• **EXERCISE OBJECTIVE**:
Give back the lines below verbatim, omitting all pictures.

• **PROVIDED RECORDS**:
----------
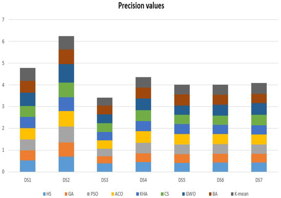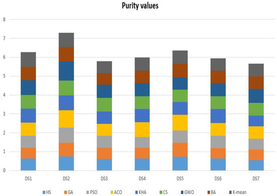 The purity test is applied to determine each cluster’s section in a large class [38,101]. This test indicates each group to the common frequent class. An excellent value of purity is close to 1 due to the percentage of big class sizes in each group, which is calculated based on its size. Hence, the value of purity is in the interval . Equation (7) is used to manage the purity value of the cluster j:
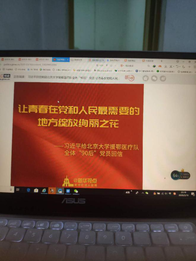 作为在武汉的“80后”党员,最近读到和看到“90后”甚至“00后”援鄂医疗党员、快递小哥、接送医护人员的志愿者等故事,深深感动并深受激励!
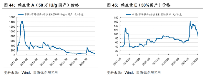 据Wind,2025年6月20日,维生素A价格为63.5元/千克,环比6月13日下降3.5元/千克;维生素E价格为75.50元/千克,环比6月13日下降12.5元/吨。
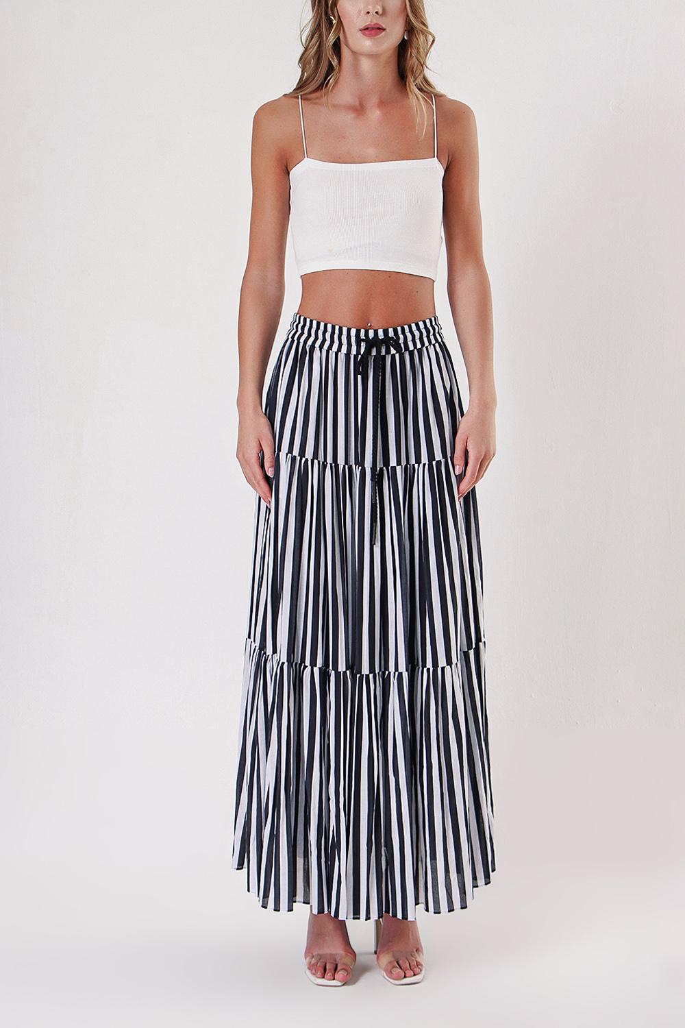 Çizgili Beli lastikli büzgülü uzun etek 81260
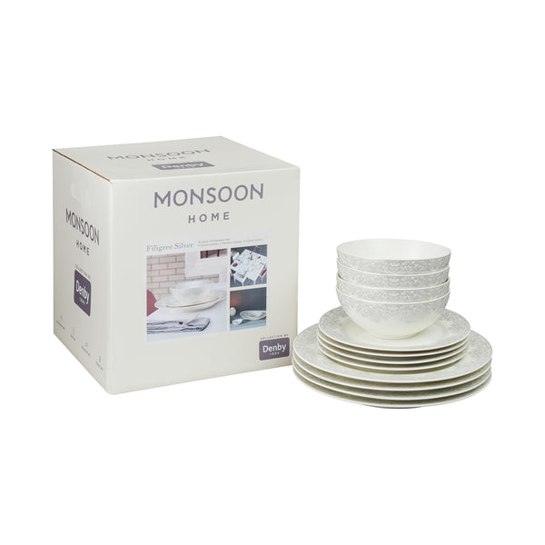 Denby Monsoon Filigree Silver 12 Piece Box Set
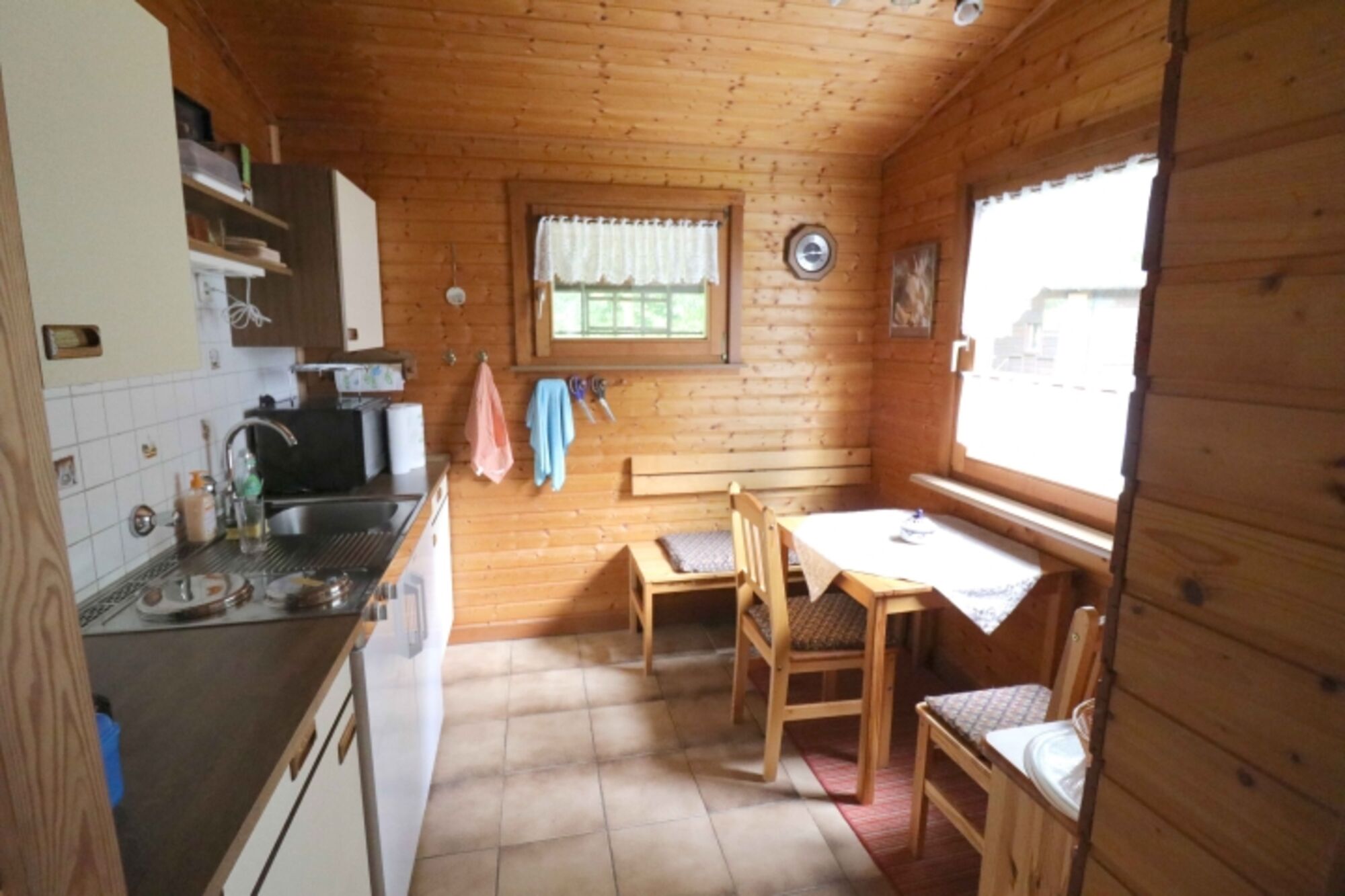 2-Platten Herd, Korkenzieher / Flaschenöffner, Gewürze (Salz, Pfeffer, Zucker), Geschirrhandtücher, Mülltüten, Essplatz in der Küche
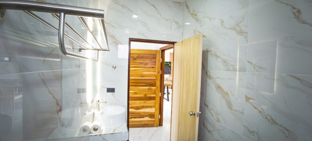Moderní vily jsou umístěny jen 250 metrů od pláže Lipa Noi se třemi ložnicemi a třemi koupelnami (dvě en-suite, jedna s vanou). Vzdušný obývací pokoj s moderní TV stěnou s LED podsvícením a LED podsvíceným recesním stropem (tray ceiling) doplňuje kvalitní dřevěný nábytek a teakové postele. Plně vybavená kuchyň s vyzděnou linkou, výběrovými skříňkami a spotřebiči zajišťuje komfort. Kvalitní hliníkové posuvné dveře a stropní ventilátory na dálkové ovládání uvnitř i venku zvyšují pohodlí. Ložnice jsou vybaveny elegantním nábytkem, závěsnými světly a LED podsvíceným prostorem pro závěsy. Parkovací stání ze sandwashe (marmolitu) s vzdušnou střešní plochou bez sloupů umožňuje pohodlný přístup „suchou nohou“ a dodává prostornost. Velkorysá terasa s přímým vstupem do bazénu (6×3 m) a zatravněná zahrada s venkovní sprchou, kamenným obkladem a osvětlením vytváří tropickou atmosféru. Kombinace prostoru, luxusních prvků a blízkosti moře činí vily neodolatelnými pro nájemce.
----------
• **ANSWER SPACE**:
 The purity test is applied to determine each cluster’s section in a large class [38,101]. This test indicates each group to the common frequent class. An excellent value of purity is close to 1 due to the percentage of big class sizes in each group, which is calculated based on its size. Hence, the value of purity is in the interval . Equation (7) is used to manage the purity value of the cluster j:
 作为在武汉的“80后”党员,最近读到和看到“90后”甚至“00后”援鄂医疗党员、快递小哥、接送医护人员的志愿者等故事,深深感动并深受激励!
 据Wind,2025年6月20日,维生素A价格为63.5元/千克,环比6月13日下降3.5元/千克;维生素E价格为75.50元/千克,环比6月13日下降12.5元/吨。
 Çizgili Beli lastikli büzgülü uzun etek 81260
 Denby Monsoon Filigree Silver 12 Piece Box Set
 2-Platten Herd, Korkenzieher / Flaschenöffner, Gewürze (Salz, Pfeffer, Zucker), Geschirrhandtücher, Mülltüten, Essplatz in der Küche
Moderní vily jsou umístěny jen 250 metrů od pláže Lipa Noi se třemi ložnicemi a třemi koupelnami (dvě en-suite, jedna s vanou). Vzdušný obývací pokoj s moderní TV stěnou s LED podsvícením a LED podsvíceným recesním stropem (tray ceiling) doplňuje kvalitní dřevěný nábytek a teakové postele. Plně vybavená kuchyň s vyzděnou linkou, výběrovými skříňkami a spotřebiči zajišťuje komfort. Kvalitní hliníkové posuvné dveře a stropní ventilátory na dálkové ovládání uvnitř i venku zvyšují pohodlí. Ložnice jsou vybaveny elegantním nábytkem, závěsnými světly a LED podsvíceným prostorem pro závěsy. Parkovací stání ze sandwashe (marmolitu) s vzdušnou střešní plochou bez sloupů umožňuje pohodlný přístup „suchou nohou“ a dodává prostornost. Velkorysá terasa s přímým vstupem do bazénu (6×3 m) a zatravněná zahrada s venkovní sprchou, kamenným obkladem a osvětlením vytváří tropickou atmosféru. Kombinace prostoru, luxusních prvků a blízkosti moře činí vily neodolatelnými pro nájemce.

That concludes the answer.